43Folders.com is Merlin Mann’s website about finding the time and attention to do your best creative work.

43F Series: "Back to GTD"

Everybody falls off the Getting Things Done wagon from time to time.

Maybe you got completely caught up on your work for a while, but then got lazy and slid back into slack. Maybe you had a crapflood of new projects that made you "too busy" to do GTD properly. Heck, maybe you just decided it was a big waste of time and threw in the towel altogether. But, for whatever reasons of frustration, neglect, or (my favorite) "being too busy," it's not at all unusual to find you've slipped on your reviews, quit capturing, and basically let your little system fall into seemingly hopeless disrepair. And, I'll bet you're paying for it now, right?

You're wandering around, unsure what to do next, and you've lost confidence in your external system as a trusted outboard brain for your life. Stuff piles up. You hide the piles under newer piles. You make assurances to yourself. You start managing by crisis or by whomever in your life has the shrillest tone of voice in a given day. You've unintentionally started using the walls of your skull as a whiteboard (and you know how reliably that works).

Ultimately, you're spending all your time worrying about what else you should be doing, so instead of focusing on completing a single important task at a time, you've landed back in "plate-spinning mode," half-assing your way through a dozen poorly defined projects at one time (mmmm...multitasking). Nothing's getting done. You're procrastinating. You're eating pie and crying. You want to crawl under your desk and die. Sucks, doesn't it?

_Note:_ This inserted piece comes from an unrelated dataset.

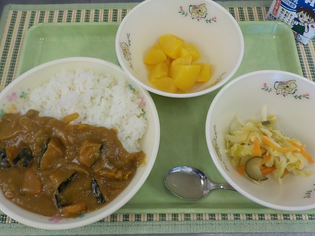 今日は学校給食畑で収穫されたかぼちゃを素揚げしてカレーに入れた 有機かぼちゃのカレーライスです。

Not to worry. This is a horse you can chose to remount any time you like, and that's why I'll be bringing you a periodic "Back to GTD" series over the next little while. Yes, we'll speculate and hand-wave (just a bit, I promise) about how we fall behind and why we stay behind -- but mostly we'll be focusing on specific and very concrete strategies for quickly getting back up to speed. We'll figure out how to shed the pieces of your system that aren't contributing, as well as consider how to refactor and improve the parts that are. We'll re-personalize your system in a way that owes less to The Canon and more to your own unique needs, challenges, and constraints (after all, that was kind of the idea in the first place).

Queued up first for a bit later this afternoon: "Do a fast mind-sweep." So dust off your copy of Getting Things Done, and reacquaint yourself with the finer points of Chapter 5, "Collection: Corralling Your 'Stuff.'" (Not required reading, per se, but always remember "Tip 0" for getting back into GTD: re-read the book, because it's almost certain to reinvigorate your interest in getting back on top of things.)


Addition (2006-07-24 16:48:38): I’m remiss not to mention — if you’re totally new to the world of David Allen’s GTD, here are some good starting points on the 43 Folders site:

Back to GTD: Simplify your contexts | 43 Folders's picture

[...] Back to GTD: Simplify...

[...] Back to GTD: Simplify your contexts This post is part of the periodic “Back to GTD” series, designed to help you improve your implementation of David Allen’s Getting Things Done. [...]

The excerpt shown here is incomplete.